Pour ceux qui produisent du cidre de glace à partir de pommes laissées sur les arbres jusqu'à la saison froide, le doux hiver a été sans pitié.

«Ç'a été très difficile: les pommes sont tombées à terre et ne peuvent être utilisées», se désole Rémi Fillion, responsable des champs et copropriétaire d'Union libre cidre et vin, également à Dunham.

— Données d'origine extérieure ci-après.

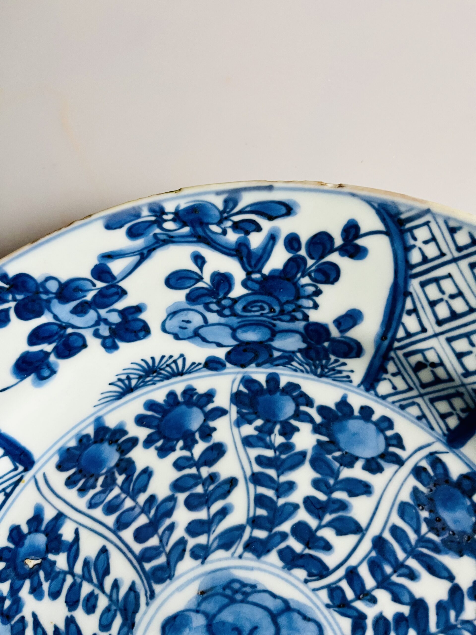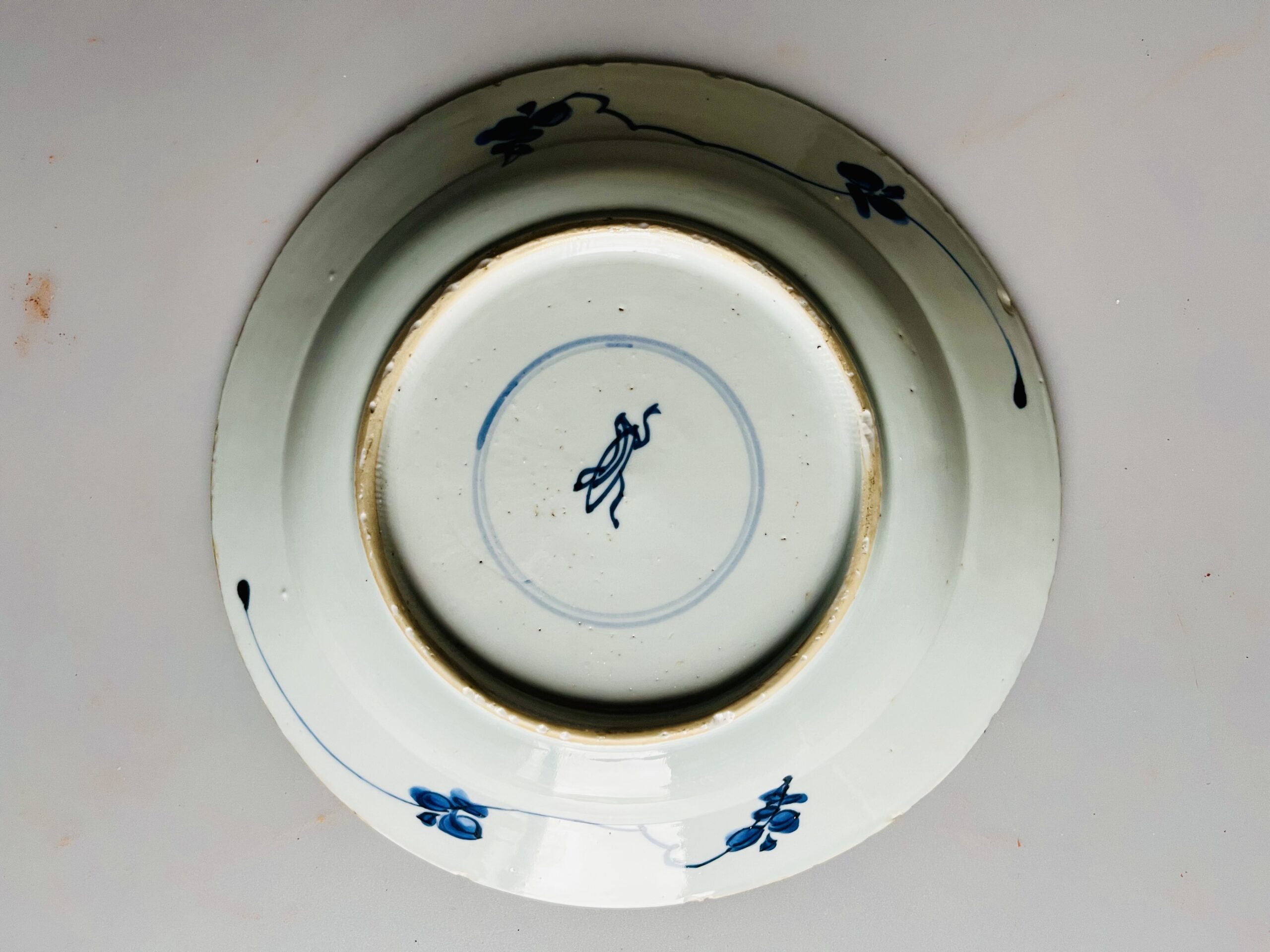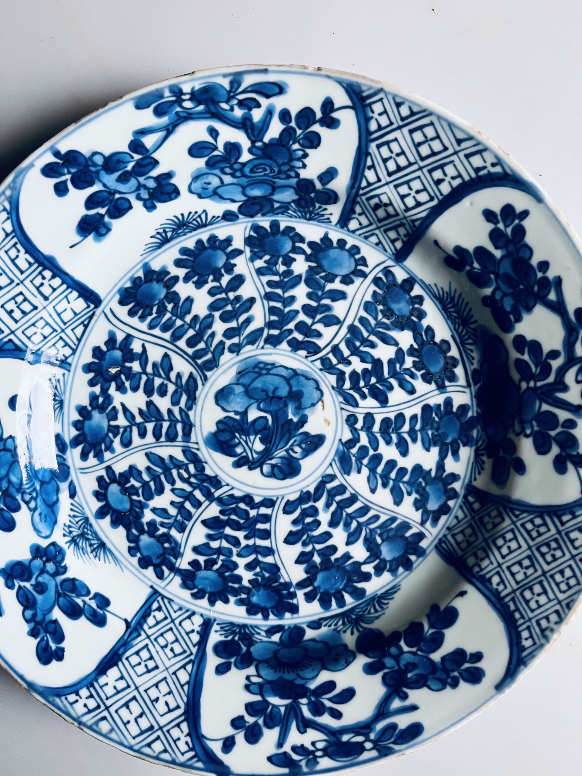 Prato em porcelana chinesa azul e branco, decoração floral, período Kangxi (1662-1772), marcado.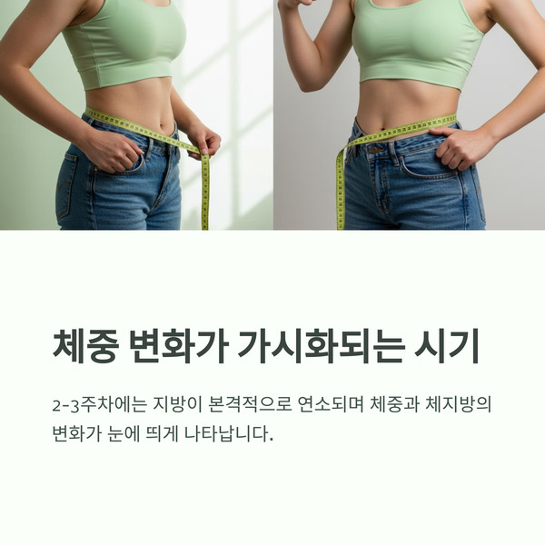 👉 지방이 본격적으로 연소되며, 체중·체지방 변화가 가시화됩니다.

Des risques pour les arbres

Sans être alarmiste, M. Fillion appréhende les parasites, les champignons et les virus, qui pourraient bénéficier de la clémence de l'hiver pour nuire aux pommiers. Il craint également que la douceur de la saison n'enclenche le débourrementhâtif des arbres, ce qui les rendrait plus vulnérables aux gels printaniers.

Pour sa part, Guillaume Leroux espère que le froid ne sera pas trop extrême, puisque les racines - exposées en raison des faibles accumulations de neige et du sol qui est gorgé d'eau - en souffriraient grandement.

Par contre, il croit que la météo actuelle pourrait permettre des récoltes record plus tard en 2016 si les gels printaniers sont évités. Quant à lui, Rémi Fillion croit qu'il y aura moins d'arbres morts au printemps et ajoute que le travail est plus facile cet hiver, un peu comme chez les acériculteurs.